Several states that previously required substitutes to have a bachelor’s degree lowered that threshold and now allow candidates with only a high school diploma to apply for emergency certification. That has raised questions about the quality of learning that students receive, especially at a time when disadvantaged students need even more help to make up instruction disrupted by the pandemic.
Carole Basile, dean of Arizona State University’s teachers college, criticized lowering the bar for temporary teachers. Her state allows substitutes with only high school diplomas to receive emergency certification and recently doubled to two years the length of those emergency licenses.

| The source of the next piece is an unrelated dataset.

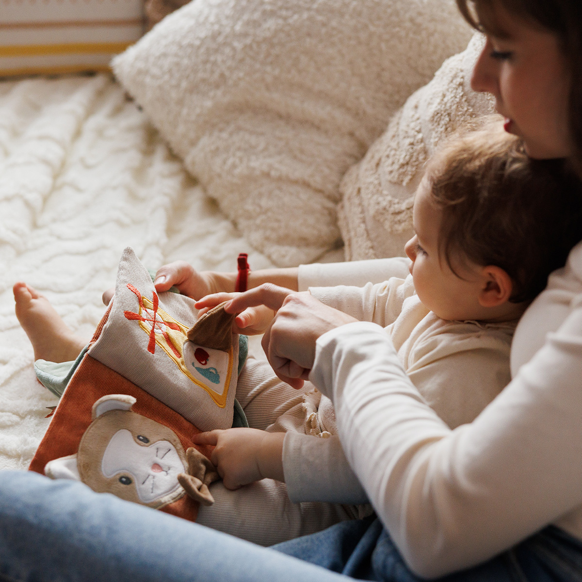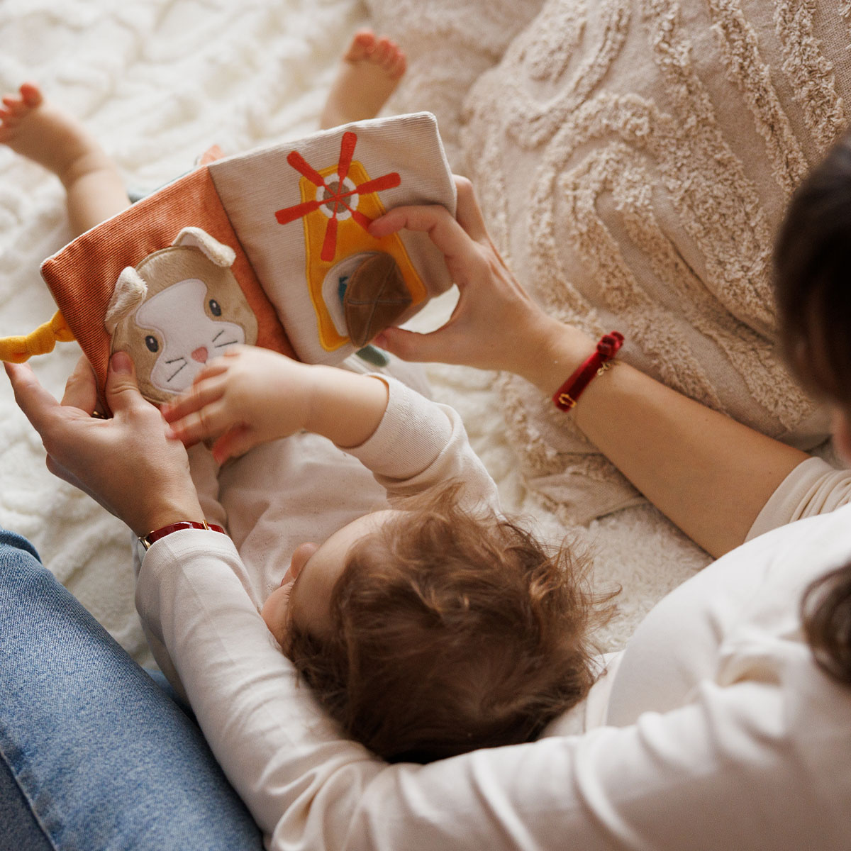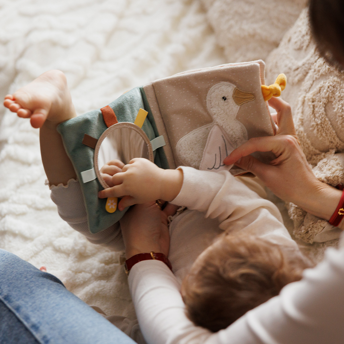 Διάφορες υφές, σχήματα, κουδουνίστρες, καθρεφτάκι και πολύχρωμες κορδέλες κρατούν το μωρό απασχολημένο και ενθαρρύνουν την εξερεύνηση και τη φαντασία.

“A lot of substitutes only need a high school diploma and know very little about education,” Basile said. “That’s a crapshoot, really, for kids.”
Other places are offering pay bumps to substitutes. Around 60 percent of large school districts surveyed by the National Council on Teacher Quality, an advocacy group, increased pay for subs during the pandemic. The survey found substitutes on average got a raise of 18.5 percent — which the council described as “an unprecedented increase” in the past decade.
And a few districts, including Everett, provided health benefits to subs. That made a difference for Roberts, who had access to both health coverage and a retirement account from his first day as a floater.
“With subbing, you [usually] don’t get those benefits. You kind of have to take care of yourself,” Roberts said. “Having health insurance is a big deal during a pandemic.”
Weiser, with Substantial Classrooms, said it’s important for school leaders to consider what would make taking over a classroom for a full day more attractive than other, more flexible short-term gigs like driving for a ride-sharing service or delivering meals. Benefits may be one answer.
“How can we [schools] design jobs that are full-time, site-based, benefited roles that give people the stability that they may be craving … and attract a different group of people?” Weiser asked.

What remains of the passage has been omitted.